This is the fifth and final part of my short story "Things Were Better Then."
Sunday morning at Church, Jojo was dressed in his nicest clothes. His father wasn’t there because his father went to the Presbyterian church, and never came with Jojo to St. Francis. And, since Jojo’s mother was away doing business again, he came alone again. Jojo didn’t mind this because he would sit in a different place each week, and see new people. For some reason, which he could never figure out, it was as if people always chose to sit in the same seats week after week. It was a routine, a habit that they couldn’t break. Jojo sat beside a man who always wore a white suit, was a bit too fat, and who had a sweaty bald head he always wiped.
There were the readings, then the sermon, and finally came the offertory. Jojo always like singing along, and since they sang mostly the same songs each week, he never had to open the hymnal. The Ms. B’s stood up with their baskets attached to poles, and they went to each pew take money from everyone at mass. When it was Jojo’s turn to put in his offering, he saw the Agnes Ms. B smile at the fat man in the white suit, and talked to him for a moment, like she did every Sunday.
“Nathan, good to see you. Anything for the church today?” Agnes looked at Jojo as he reached over and fut his two dollars and sixty cents in the basket. “Why thank you Jojo,” Anges said. “And how about you Nathan?”
Nathan took out a small box wrapped in brown paper, with a nice ribbon around it and put it in the basket. “For the good father, my dear. I hope he enjoys it.”
“I’m sure he will, God bless you,” Agnes said and went to the rest of the pews to collect the offerings.

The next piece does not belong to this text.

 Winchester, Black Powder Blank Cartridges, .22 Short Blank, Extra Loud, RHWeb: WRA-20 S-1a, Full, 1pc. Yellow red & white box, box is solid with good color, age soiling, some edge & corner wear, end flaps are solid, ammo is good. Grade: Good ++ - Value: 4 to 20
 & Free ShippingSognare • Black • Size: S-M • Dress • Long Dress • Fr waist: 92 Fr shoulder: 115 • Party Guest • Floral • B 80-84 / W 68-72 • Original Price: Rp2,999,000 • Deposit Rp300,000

After the offertory, Jojo shared the peace of Christ with everybody, and got ready as Father Francis started preparing for communion. It was then when eight policemen walked through the doors. Everyone stood and turned, and Jojo had to get on the back of the pew to see over their heads. While everyone was looking at the policemen, the police men were looking at everyone else. Their faces turned from happy pride to confusion. Jojo turned his head and looked towards the altar and saw the back of Father Francis’ head as he slipped out the side doors to the rectory. Then the two Ms. B’s started running after Father Francis, and as they crossed in front of the altar to get to the side door, they slipped on the spilled wine that was all over the floor. They both fell with a thud on the hard marble floor, and a pair of dentures flew up from one of them and landed on the steps of the altar. Jojo laughed, climbed down, and walked over towards the altar, where a group of people were already gathering around the Ms. B’s and talking worriedly.

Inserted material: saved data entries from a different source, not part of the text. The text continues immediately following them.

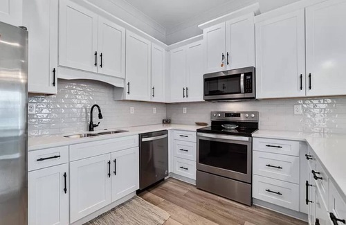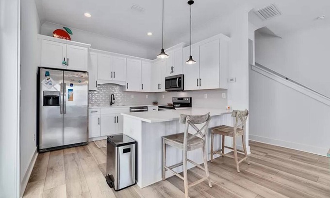 This coastal cottage offers an inviting space to unwind. The modern kitchen, equipped with stainless steel appliances, a stylish tile backsplash, and elegant Quartz countertops, is perfect for whipping up family meals together. Enjoy breakfast at the bar or gather in the cozy living area where you can sink into the comfy sofa and catch up with loved ones. A convenient half bath on the first floor adds to your comfort.
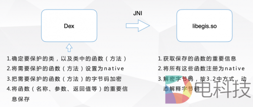 VMP保护技术:与传统的加壳工具不同,不是简单地对目标进行加密、压缩。而是修改目标源码,让目标的部分指令在VMP创建的虚拟环境下运行。首先对原始字节码进行加密处理,然后将函数(方法)替换为native属性,转到JNI层去执行,最后在JNI层将字节码解密,并解释执行。具体流程如下:
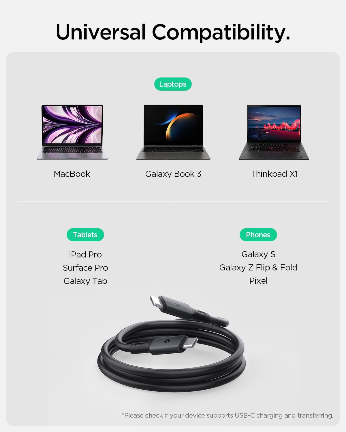Universal Compatibility: Laptops like MacBook, Galaxy Book 3, Thinkpad X1, tablets including iPad Pro, Surface Pro, Galaxy Tab, Vision Pro, and phones like Galaxy S, Galaxy Z Flip & Fold, Pixel. Please ensure your device supports USB-C charging and data transfer for optimal performance.
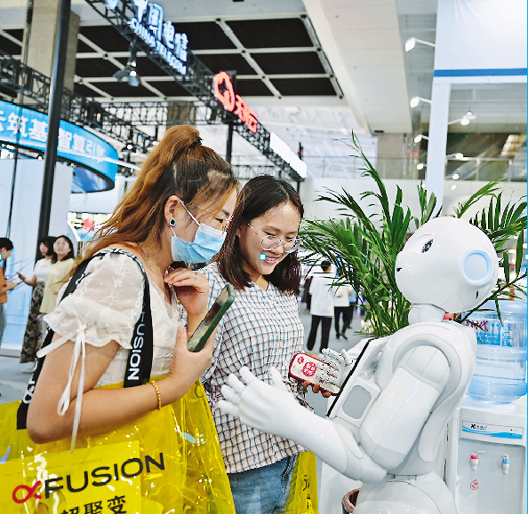 觀展者與展區(qū)中的智能機(jī)器人互動(dòng)。
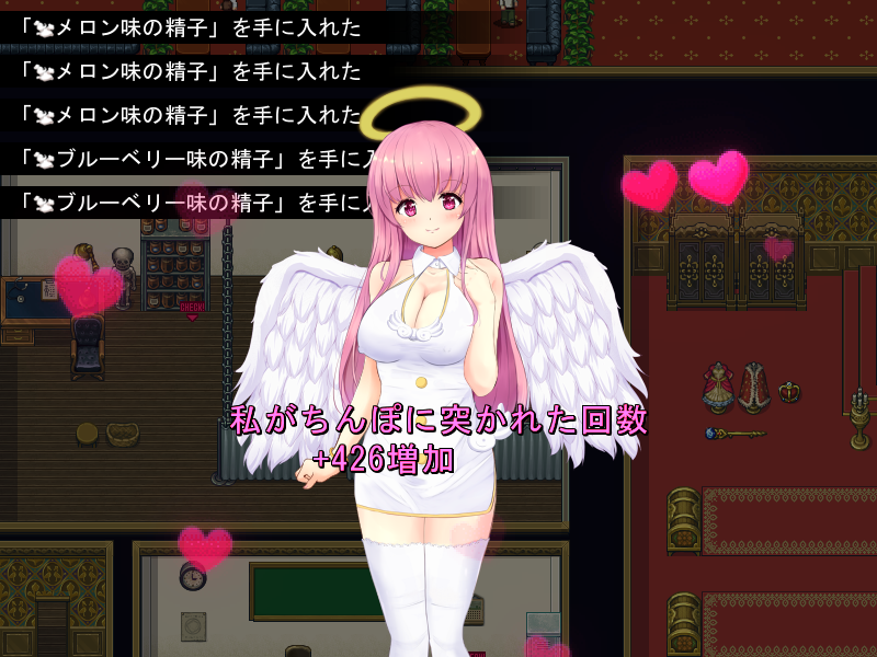 | ▼エッチすると信仰が増えてドンドン強くなる! | ▼精子はフルーツ味に変化!飲むとステータスUP! | ||
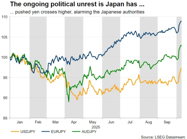 The yen has reacted slightly positively to the LDP-Komeito breakup, but Japan’s outlook has just become more clouded. The Japanese Finance Ministry, in cooperation with the BoJ, will most likely keep tabs on yen underperformance, but a new PM has to be elected soon. In the meantime, an October BoJ rate hike appears to be out of the question, but December remains a ‘live’ month.

Jojo stepped past them and picked up the cracked wet teeth which dripped with spilled wine. He walked over to the crowd, got on his hands and knees, and scuttled under the legs of one adult. He looked at the Macy Ms. B, who was shaking her head and moaning, and he held out the dentures in his hand.
“Want your teeth back?” Jojo asked. Macy Ms. B didn’t seem to hear him or see him, so Jojo shrugged and crawled out from the crowd and walked out of the Church to go home and see his father who was still sick from eating the muffins Jojo gave him a few days ago.
* * *
One Sunday, when all the police came back to mass, the priest, I can’t remember his name, ran out the rectory. Later he said he did it because he thought they were coming to lynch him for being a Catholic. And the two old Bernier sisters who chased after him said they thought the same thing too. Not much happened after that, until a couple of years later when the Berniers both died of a sudden, and the priest, yes Father Francis, I remember his name now, had some sort of nervous breakdown shortly after. That ws around the time my mother left us for a city executive, and my father decided enough was enough and he took me from then on to St. John’s on the other side of town.
I still remember how pure and good things used to be back then. There were no problems like today. Now when you’re in church, you’re as likely to hear a cellphone ring as hear a prayer. And nobody cares what religion you are. They don’t even care what you are period, what with all the different marriages and such going on now. No sir, Norton just doesn’t feel like a town no more. No spunk, no spazz. Just people locked inside their homes. Back then you could talk to your neighbors. Things were better then.